[Records from a data source]
--------------------
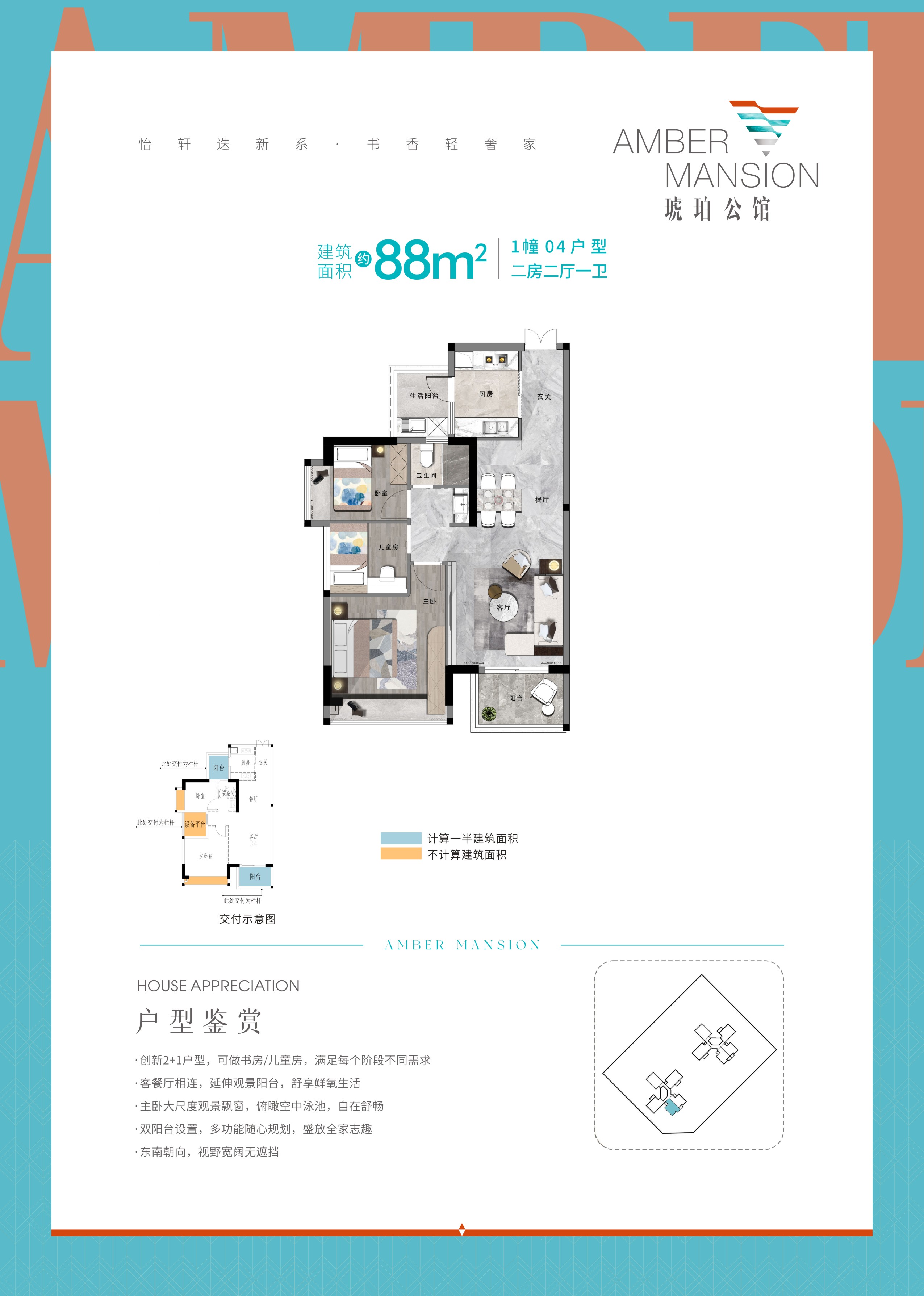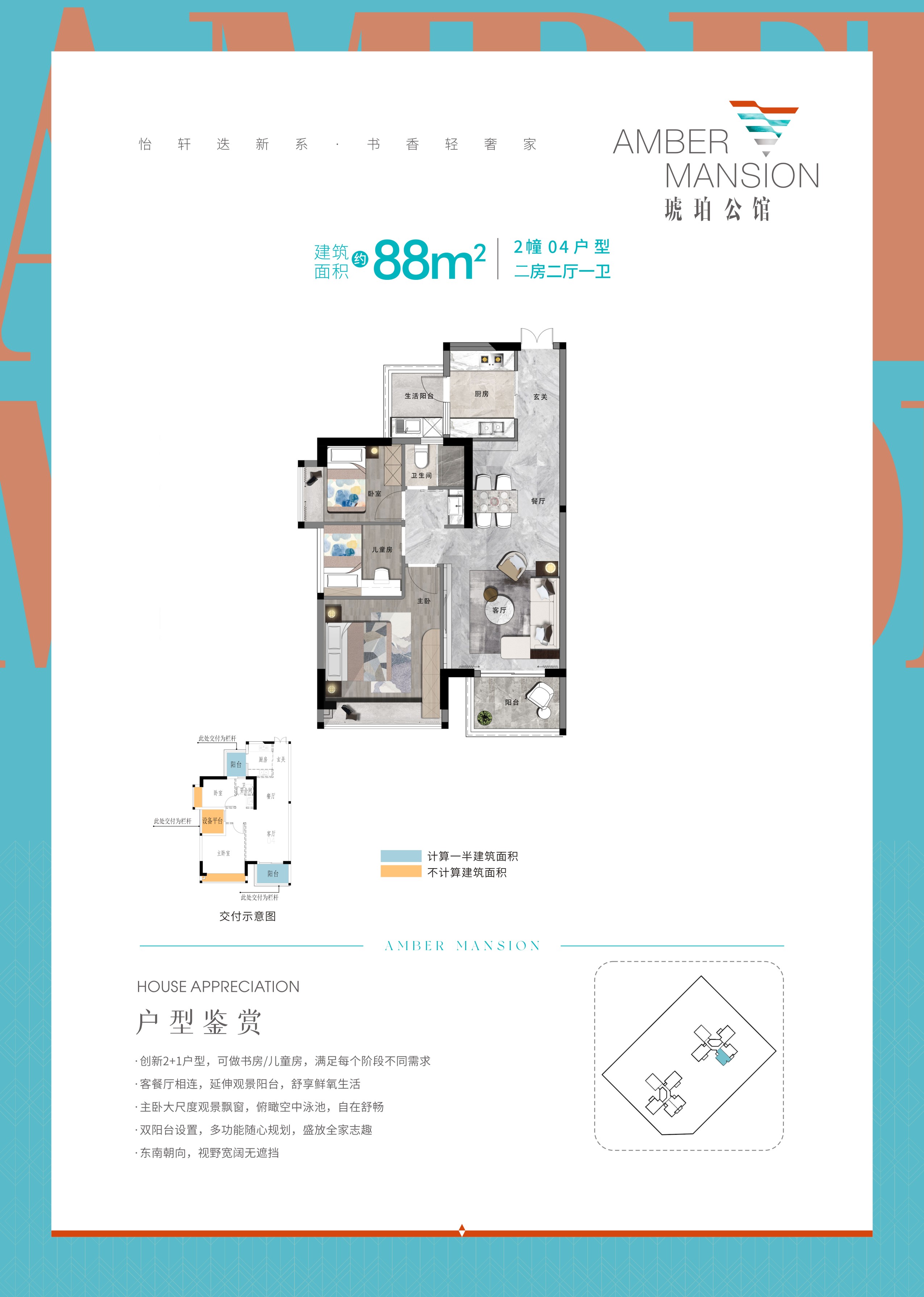 2室2厅1卫-建筑面积约88m²2幢04户型
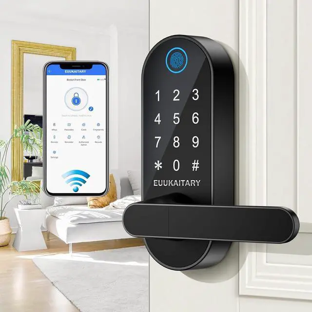 6-in-1 Keyless Entry Door Lock with Handle Unlock Your Freedom: Fingerprint, passcode, App, voice (Alexa/Google Home), card, and physical key for offering unmatched flexibility and ease. Ideal for home use, bedroom, apartments, Airbnb landlords, renters, offices
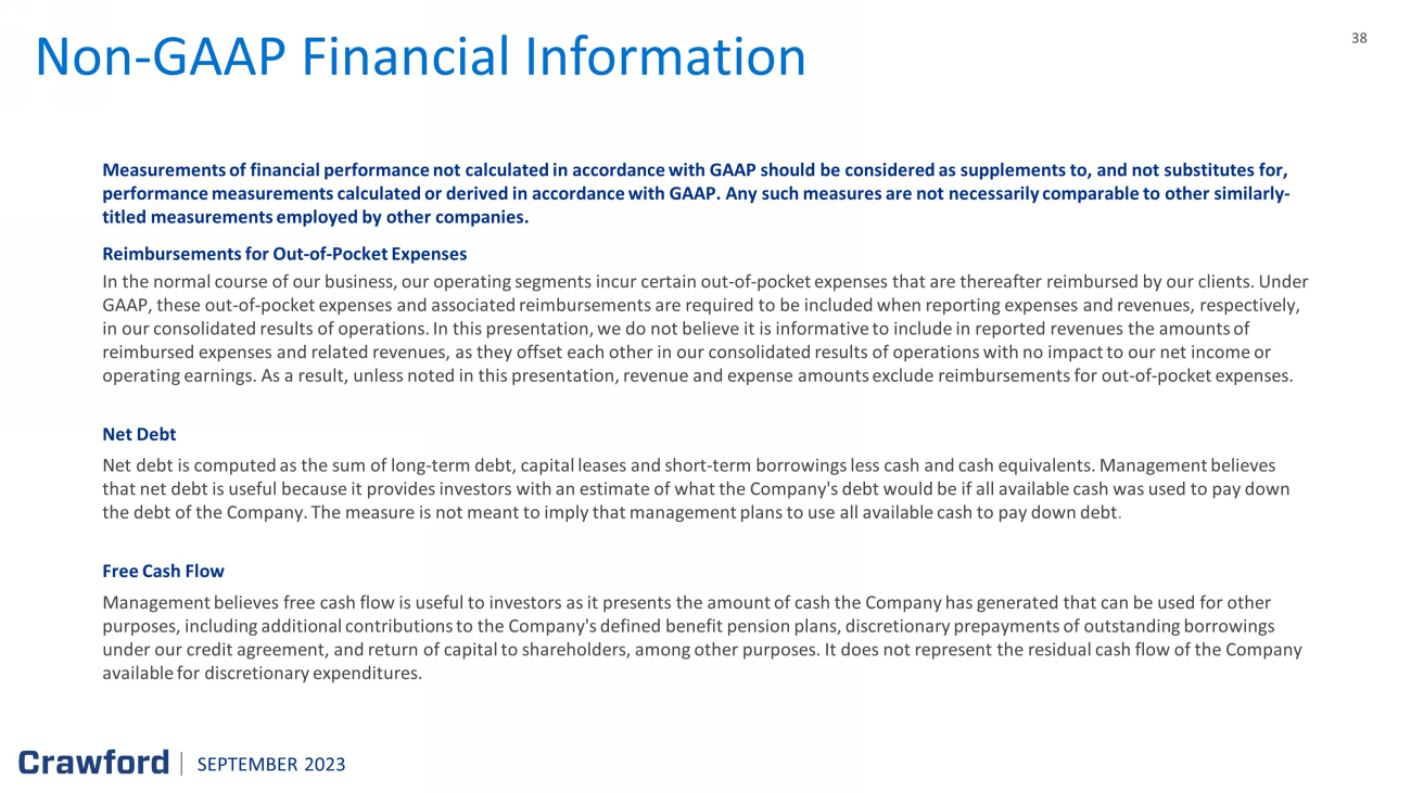38 38 Non - GAAP Financial Information Measurements of financial performance not calculated in accordance with GAAP should be considered as supplements to, and not sub stitutes for, performance measurements calculated or derived in accordance with GAAP. Any such measures are not necessarily comparable to o the r similarly - titled measurements employed by other companies. Reimbursements for Out - of - Pocket Expenses In the normal course of our business, our operating segments incur certain out - of - pocket expenses that are thereafter reimbursed by our clients. Under GAAP, these out - of - pocket expenses and associated reimbursements are required to be included when reporting expenses and revenue s, respectively, in our consolidated results of operations. In this presentation, we do not believe it is informative to include in reported r eve nues the amounts of reimbursed expenses and related revenues, as they offset each other in our consolidated results of operations with no impact to our net income or operating earnings. As a result, unless noted in this presentation, revenue and expense amounts exclude reimbursements for ou t - o f - pocket expenses. Net Debt Net debt is computed as the sum of long - term debt, capital leases and short - term borrowings less cash and cash equivalents. Mana gement believes that net debt is useful because it provides investors with an estimate of what the Company's debt would be if all available c ash was used to pay down the debt of the Company. The measure is not meant to imply that management plans to use all available cash to pay down debt . Free Cash Flow Management believes free cash flow is useful to investors as it presents the amount of cash the Company has generated that ca n b e used for other purposes, including additional contributions to the Company's defined benefit pension plans, discretionary prepayments of out sta nding borrowings under our credit agreement, and return of capital to shareholders, among other purposes. It does not represent the residual c ash flow of the Company available for discretionary expenditures. SEPTEMBER 2023
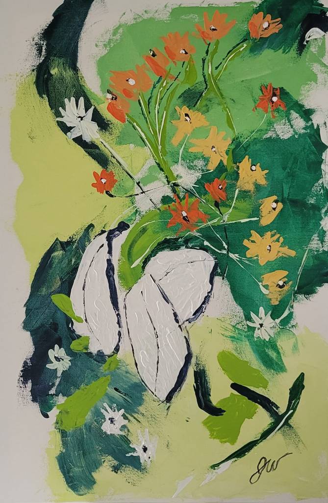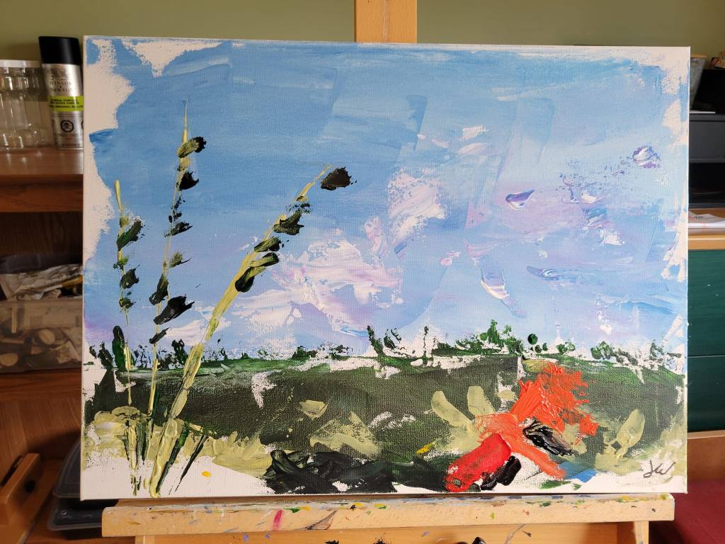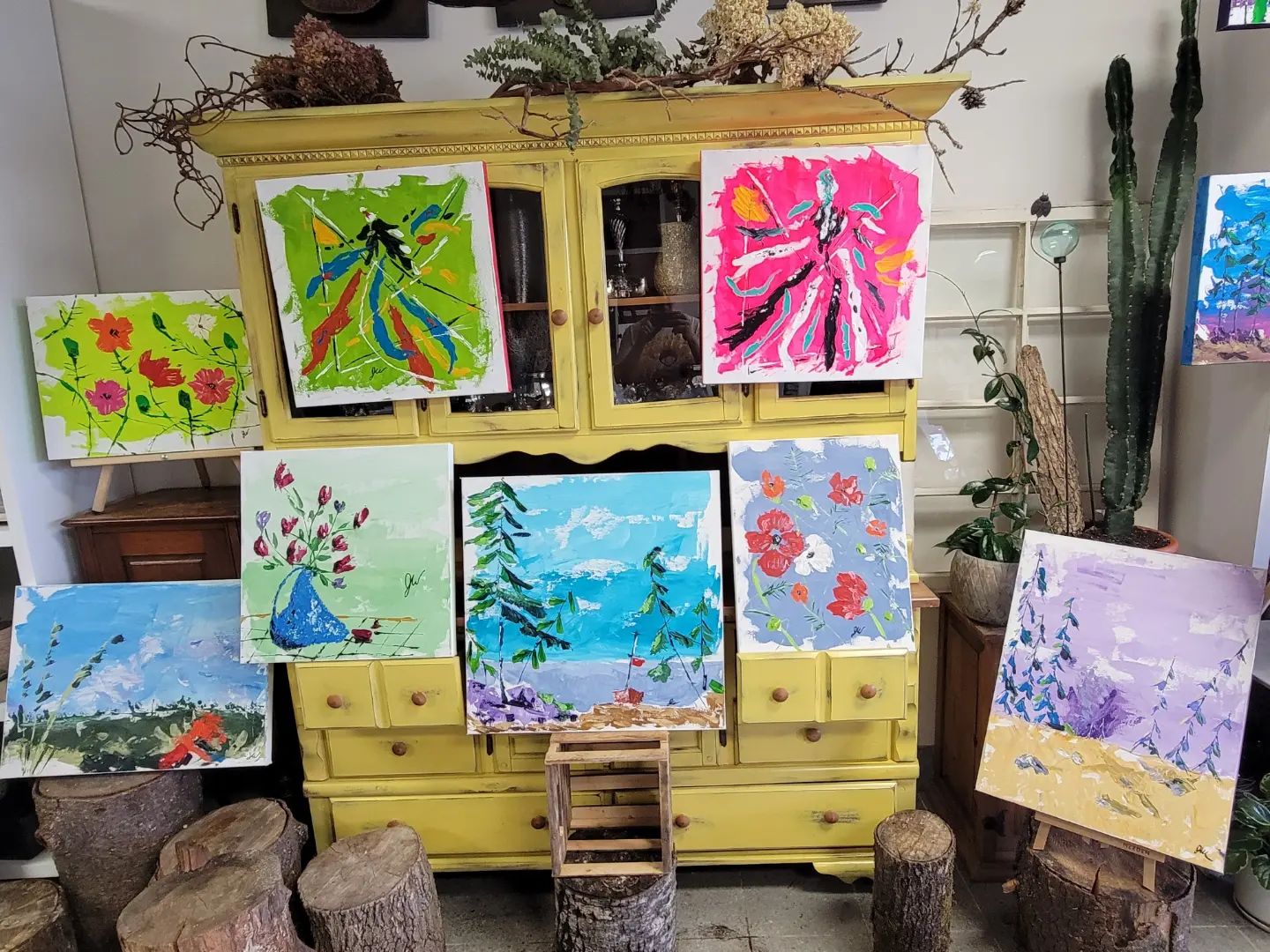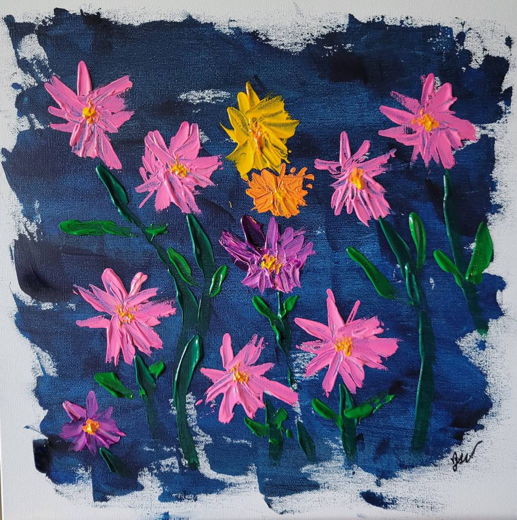 When I was in my twenties, I started working with charcoal, cante and pastels and working on canvases. I had a brief foray into oil paint and did some mixed media pieces. Eventually an art night led me to start working with acrylic paint and after a couple of paint nights, I wanted to see what I could do on my own. I wanted to create my own pieces and see where my brush would take me.
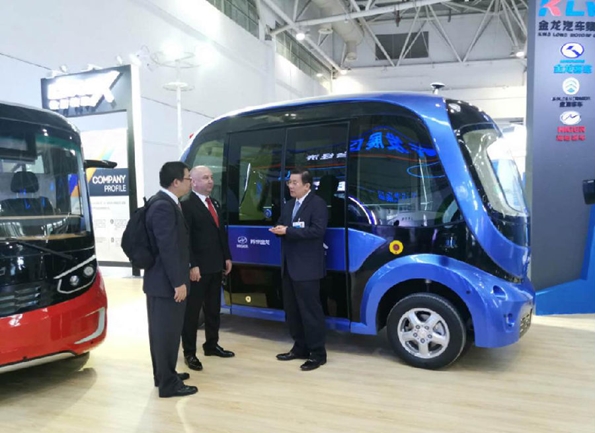 2019年5月6日,第二屆數字(zi)中國建設峰(feng)會(hui)在福州(zhou)開幕,福汽(qi)集團攜旗下金龍(long)汽(qi)車(che)(che)三款L4級自(zi)動駕(jia)駛產(chan)品(pin)金龍(long)“阿波龍(long)”、金旅“星辰”和(he)海格“深藍”閃(shan)亮登場,展現了在數字(zi)技術創新領域的重(zhong)大成果。塞(sai)爾維亞(ya)創新和(he)科技發展部(bu)部(bu)長(chang)Nenad Popovi?一行(xing)在結束第二屆“一帶(dai)一路”峰(feng)會(hui)行(xing)程后,來到福州(zhou)參(can)觀(guan)金龍(long)汽(qi)車(che)(che)展區。
--------------------
= Work item =
Only the lines from the beginning of the records up to and including the line with "6-in-1 Keyless Entry" should appear, exactly as they are, and no pictures.

= Answer to the exercise =
 2室2厅1卫-建筑面积约88m²2幢04户型
 6-in-1 Keyless Entry Door Lock with Handle Unlock Your Freedom: Fingerprint, passcode, App, voice (Alexa/Google Home), card, and physical key for offering unmatched flexibility and ease. Ideal for home use, bedroom, apartments, Airbnb landlords, renters, offices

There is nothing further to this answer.